**WORKING DATA:**
+++
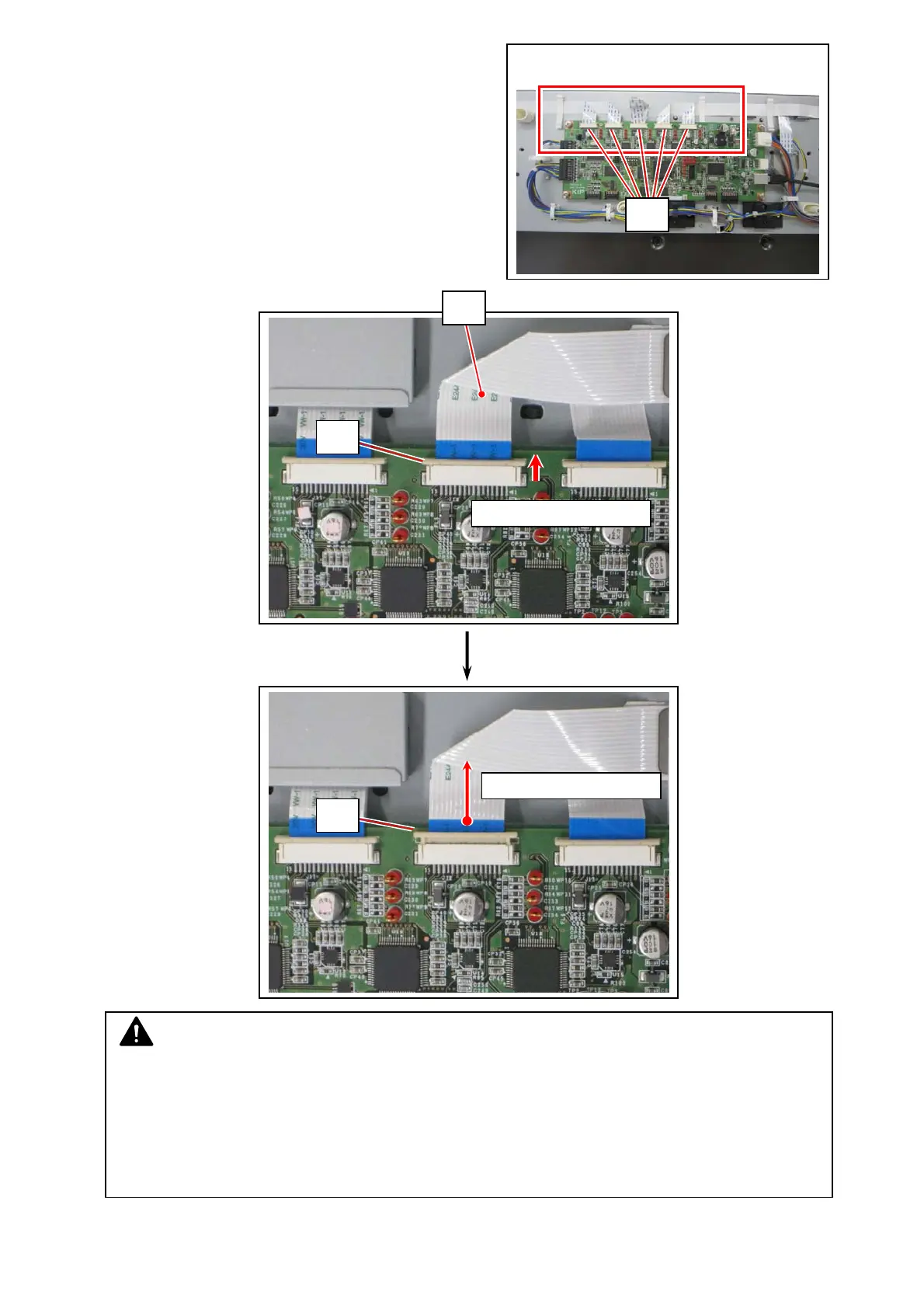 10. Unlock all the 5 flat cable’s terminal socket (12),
+++
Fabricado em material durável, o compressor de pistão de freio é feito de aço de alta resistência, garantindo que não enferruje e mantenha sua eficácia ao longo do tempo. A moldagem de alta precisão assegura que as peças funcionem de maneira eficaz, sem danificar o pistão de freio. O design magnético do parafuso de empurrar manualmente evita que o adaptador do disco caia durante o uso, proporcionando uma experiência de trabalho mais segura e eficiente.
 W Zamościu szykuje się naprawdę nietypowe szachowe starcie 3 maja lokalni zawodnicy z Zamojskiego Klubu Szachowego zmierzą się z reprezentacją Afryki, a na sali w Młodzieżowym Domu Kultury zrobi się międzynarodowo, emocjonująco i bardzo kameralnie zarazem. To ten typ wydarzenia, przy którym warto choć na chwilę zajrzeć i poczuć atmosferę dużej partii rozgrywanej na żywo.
+++
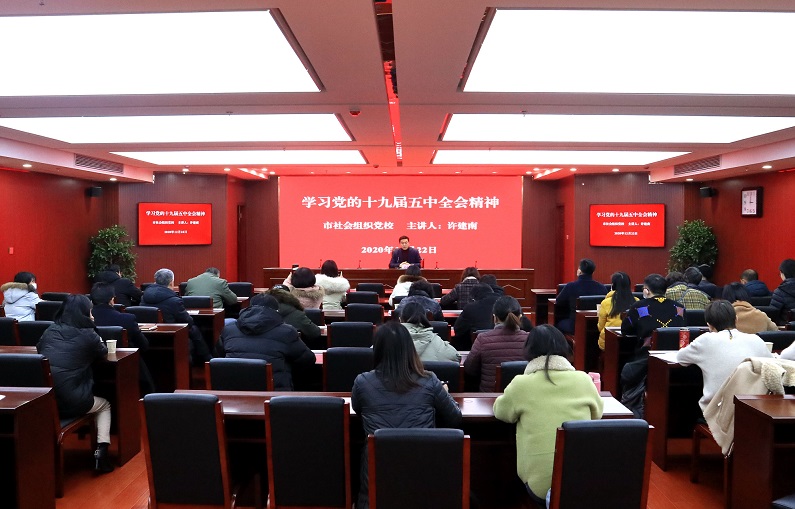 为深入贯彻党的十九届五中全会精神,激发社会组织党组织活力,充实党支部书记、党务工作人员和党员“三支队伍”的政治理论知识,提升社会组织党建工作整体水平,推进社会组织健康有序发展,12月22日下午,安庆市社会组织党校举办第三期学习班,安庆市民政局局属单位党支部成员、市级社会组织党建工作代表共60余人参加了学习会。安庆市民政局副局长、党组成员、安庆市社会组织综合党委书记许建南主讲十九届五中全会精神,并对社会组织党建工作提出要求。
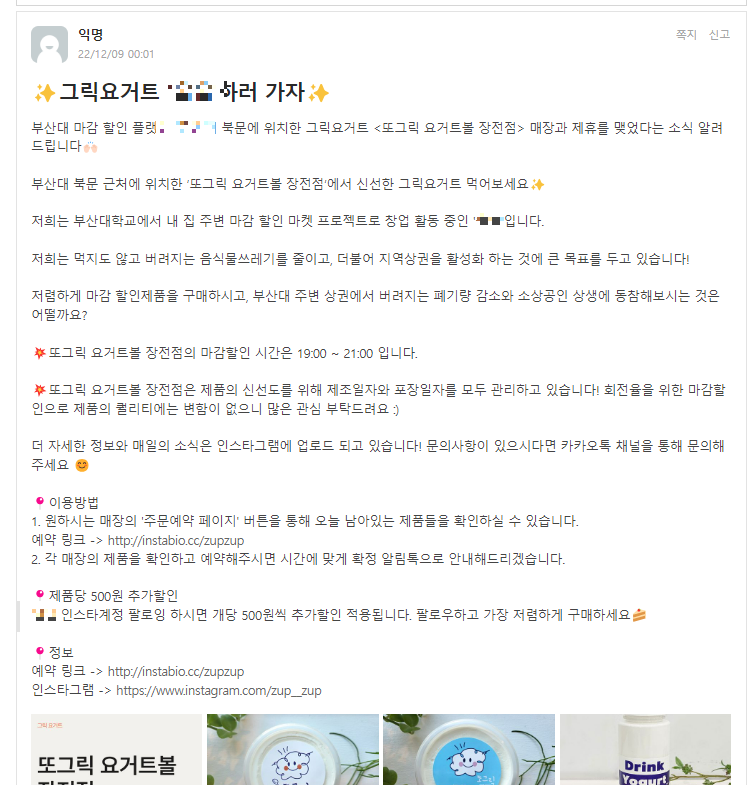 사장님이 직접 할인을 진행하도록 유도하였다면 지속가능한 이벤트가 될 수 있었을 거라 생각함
+++
**EXERCISE:** What you return must match the lines above from the one with "为深入贯彻党的十九届五中全会" through the one with "사장님이 직접 할인을" exactly, with both ends included and the pictures excluded.

**RESPONSE FOR THIS EXERCISE:**
 为深入贯彻党的十九届五中全会精神,激发社会组织党组织活力,充实党支部书记、党务工作人员和党员“三支队伍”的政治理论知识,提升社会组织党建工作整体水平,推进社会组织健康有序发展,12月22日下午,安庆市社会组织党校举办第三期学习班,安庆市民政局局属单位党支部成员、市级社会组织党建工作代表共60余人参加了学习会。安庆市民政局副局长、党组成员、安庆市社会组织综合党委书记许建南主讲十九届五中全会精神,并对社会组织党建工作提出要求。
 사장님이 직접 할인을 진행하도록 유도하였다면 지속가능한 이벤트가 될 수 있었을 거라 생각함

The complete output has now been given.